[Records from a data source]

- Opening Delimiter -

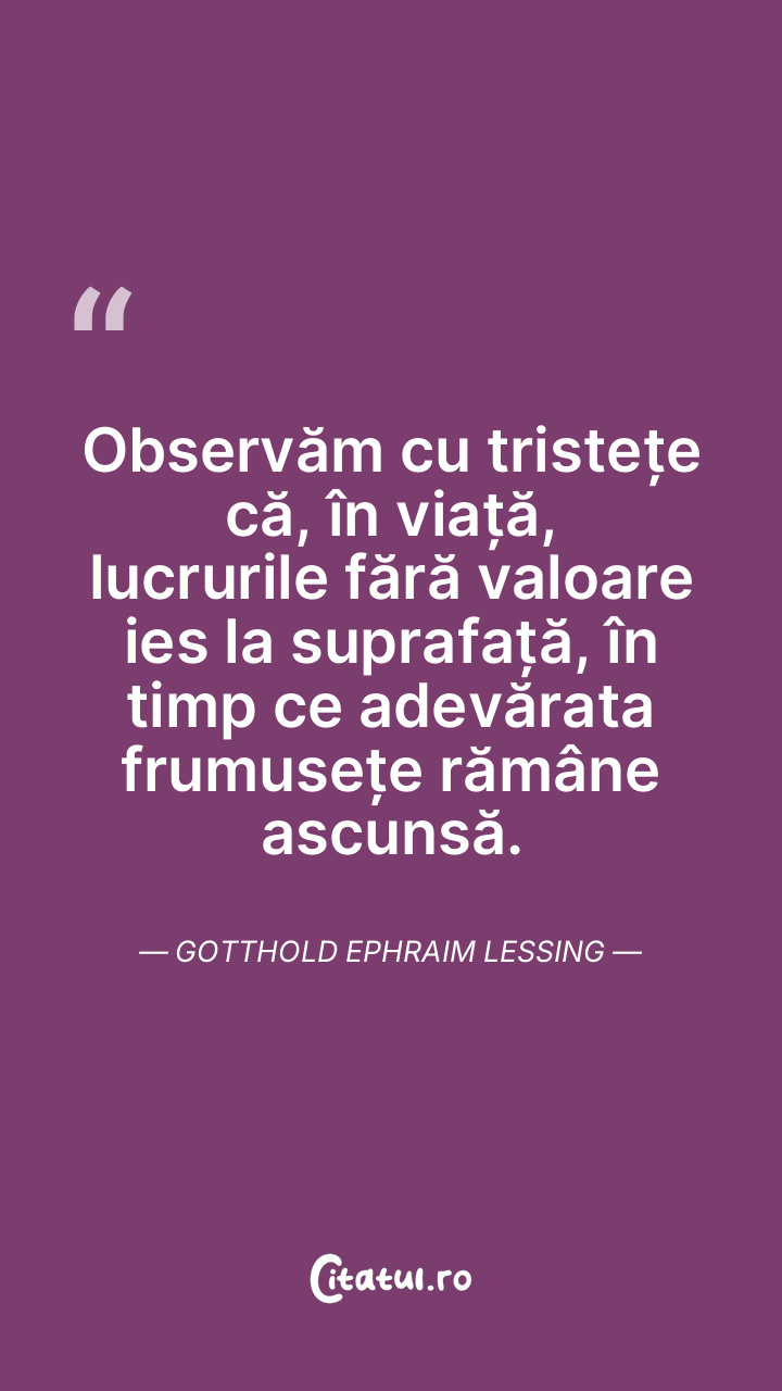 Observăm cu tristețe că, în viață, lucrurile fără valoare ies la suprafață, în timp ce adevărata frumusețe rămâne ascunsă. Gotthold Ephraim Lessing
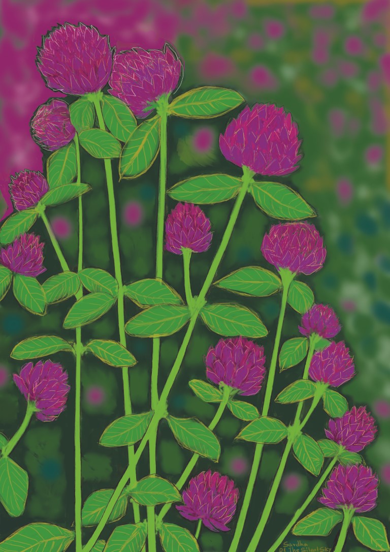 The Gomphrena: This is one of the four kinds of flowers that we planted when I was small. The others are Sulfur cosmos, Marigold and four o'clock flowers. Flowers, flowers, they bring me the colours! (27.03.2022)
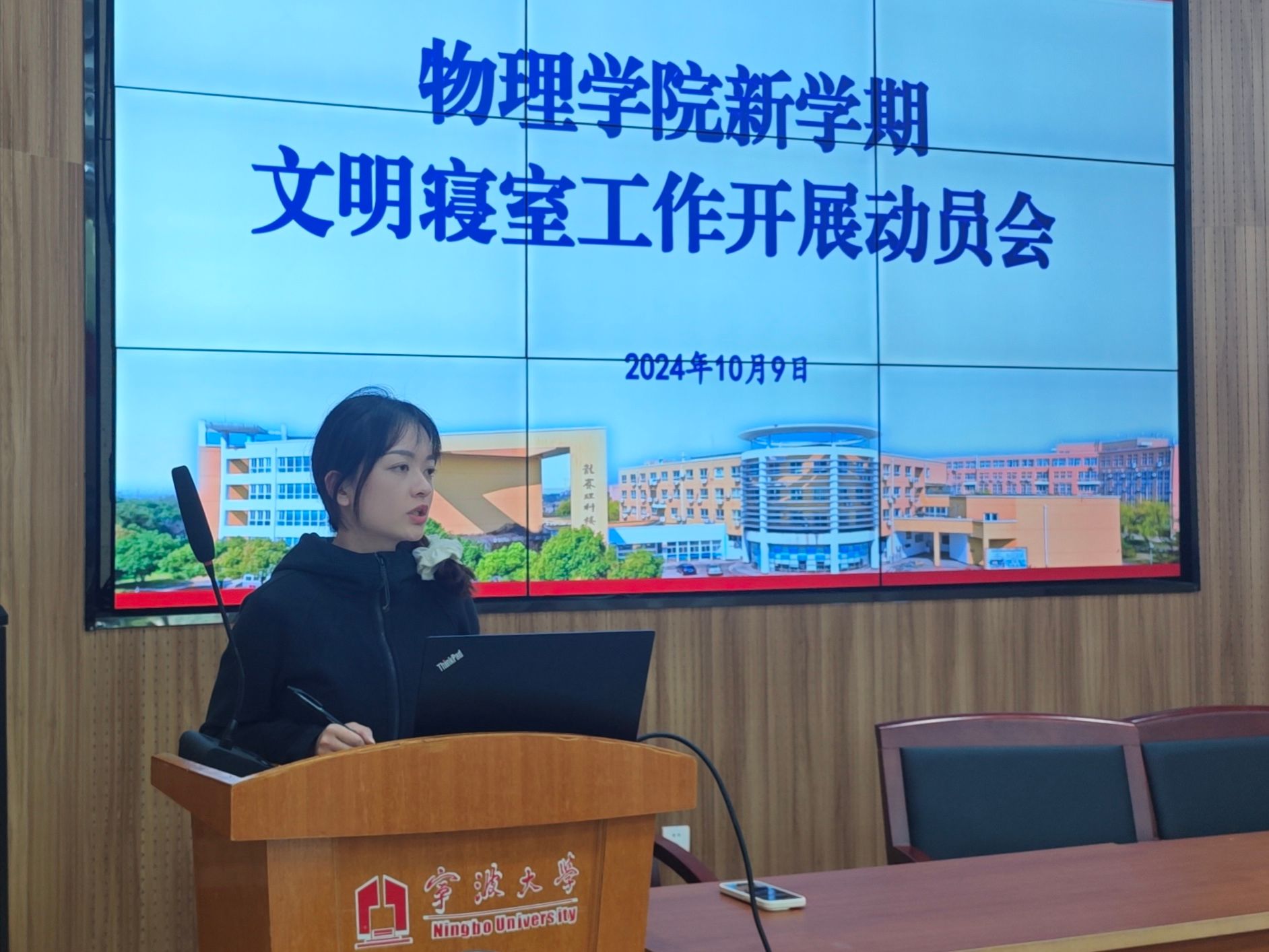 为营造整洁、和谐、积极向上的学习和生活环境,10月9日,物理科学与技术学院在龙赛报告厅召开新学期文明寝室建设工作动员会,学院党委副书记刘小娣、负责寝室工作的辅导员陈玉珂、本研学生代表参加会议。此次会议旨在明确新学期文明寝室建设的目标与要求,动员全体师生积极参与,共同推动文明寝室建设工作的深入开展。会上,学院党委副书记刘小娣首先发表动员讲话。她强调,寝室不仅是同学们学习、生活的重要场所,更是学院精神文明建设的重要窗口,...
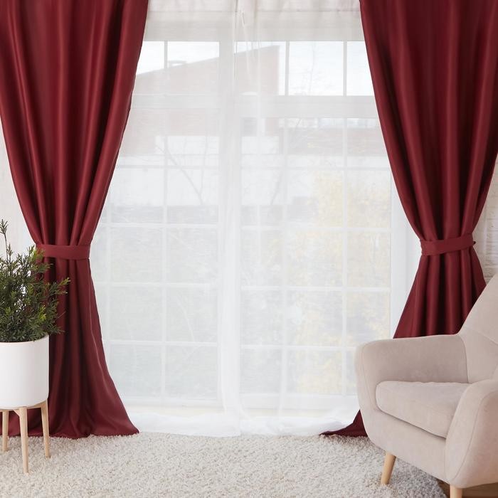 Штора портьерная «Этель» 200×250, цвет бордовый, блэкаут, 100% п/э
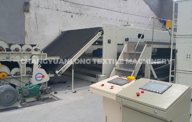 2. CYLKS-开松机: 本机开松效果好,不易缠棉,产量高。把纤维、原料经喂入平帘输送至喂入罗拉,再由开松辊高速开松后,经输棉风机以适量的风量输送纤维原料供后道工作使用;并配备桥式除铁装备。
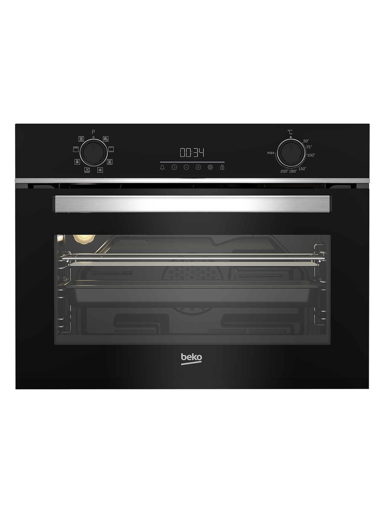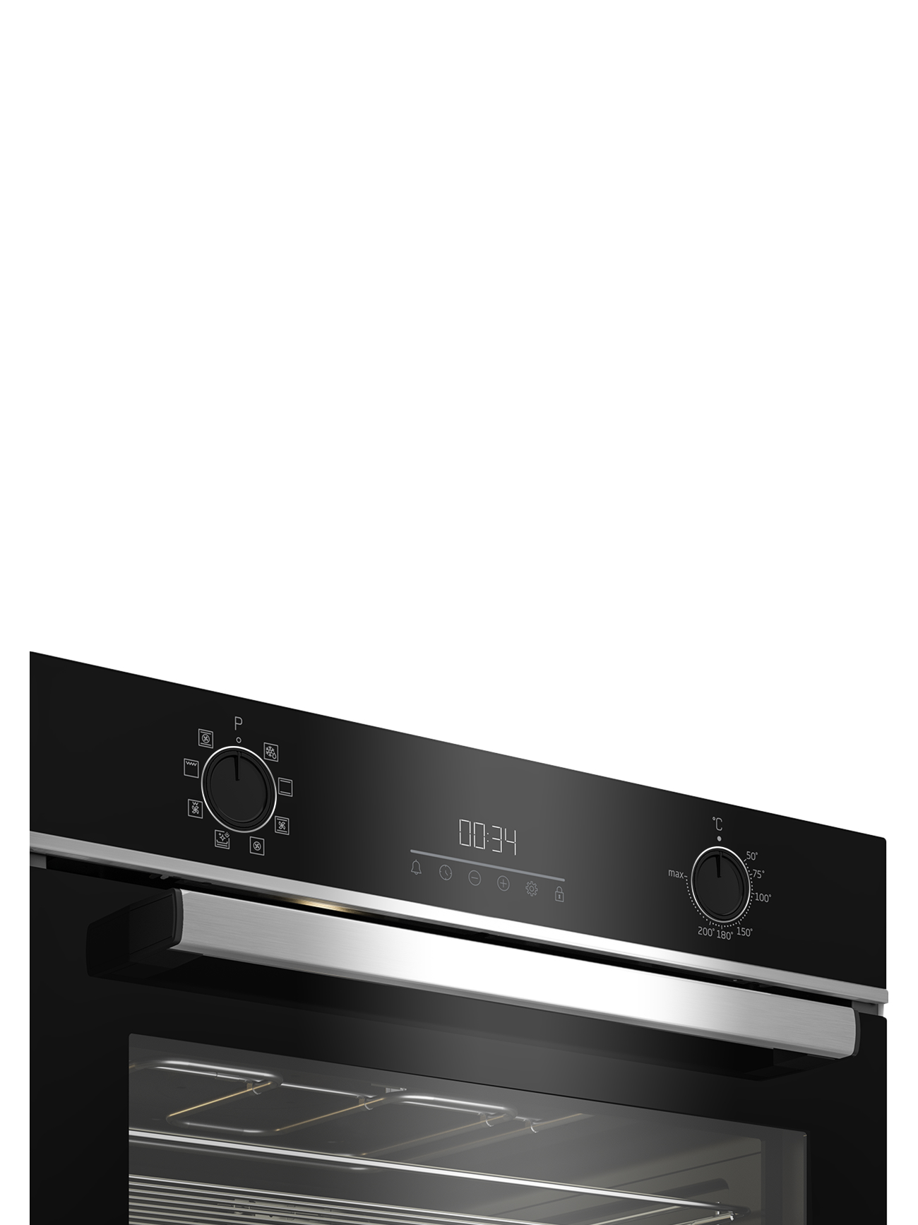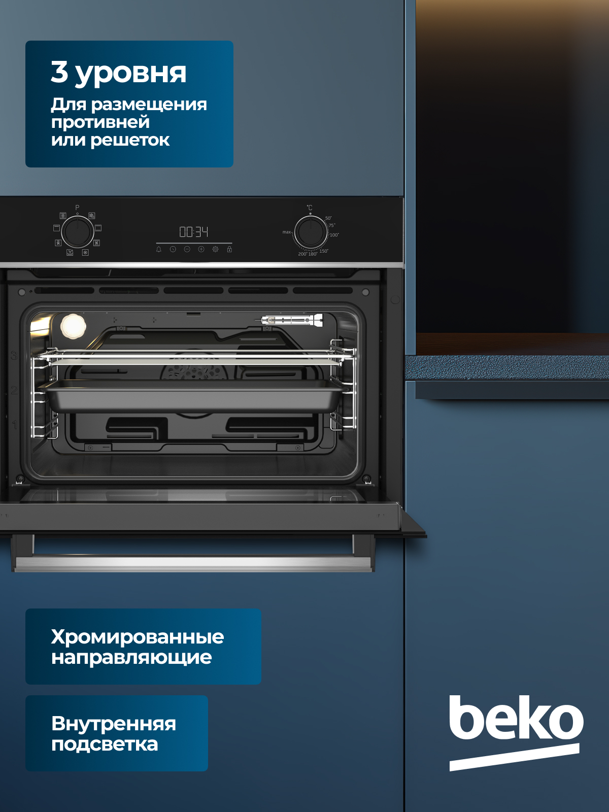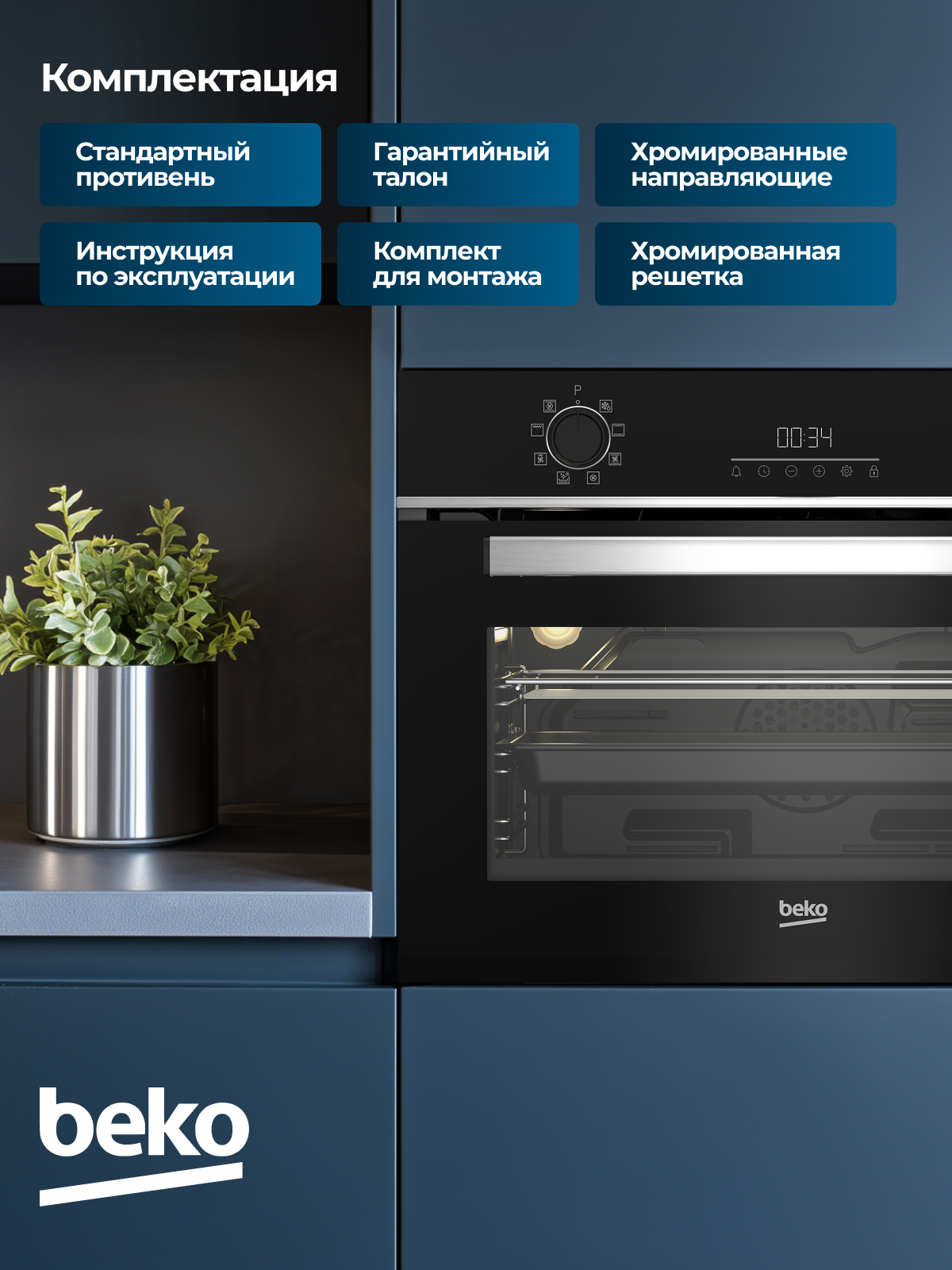 Электрический духовой шкаф Beko, черный с серебристой фурнитурой оборудован электромеханическим блоком управления. Панель представлена дисплеем с сенсорными кнопками и утопленными поворотными регуляторами. На экране отображаются включение, режим, текущее время, параметры таймера. Доступна блокировка панели.

- Closing Delimiter -

→ Task objective
Every line from the one holding "The Gomphrena: This" through the end of the records above must be reproduced verbatim, pictures excepted.

→ Written solution
 The Gomphrena: This is one of the four kinds of flowers that we planted when I was small. The others are Sulfur cosmos, Marigold and four o'clock flowers. Flowers, flowers, they bring me the colours! (27.03.2022)
 为营造整洁、和谐、积极向上的学习和生活环境,10月9日,物理科学与技术学院在龙赛报告厅召开新学期文明寝室建设工作动员会,学院党委副书记刘小娣、负责寝室工作的辅导员陈玉珂、本研学生代表参加会议。此次会议旨在明确新学期文明寝室建设的目标与要求,动员全体师生积极参与,共同推动文明寝室建设工作的深入开展。会上,学院党委副书记刘小娣首先发表动员讲话。她强调,寝室不仅是同学们学习、生活的重要场所,更是学院精神文明建设的重要窗口,...
 Штора портьерная «Этель» 200×250, цвет бордовый, блэкаут, 100% п/э
 2. CYLKS-开松机: 本机开松效果好,不易缠棉,产量高。把纤维、原料经喂入平帘输送至喂入罗拉,再由开松辊高速开松后,经输棉风机以适量的风量输送纤维原料供后道工作使用;并配备桥式除铁装备。
 Электрический духовой шкаф Beko, черный с серебристой фурнитурой оборудован электромеханическим блоком управления. Панель представлена дисплеем с сенсорными кнопками и утопленными поворотными регуляторами. На экране отображаются включение, режим, текущее время, параметры таймера. Доступна блокировка панели.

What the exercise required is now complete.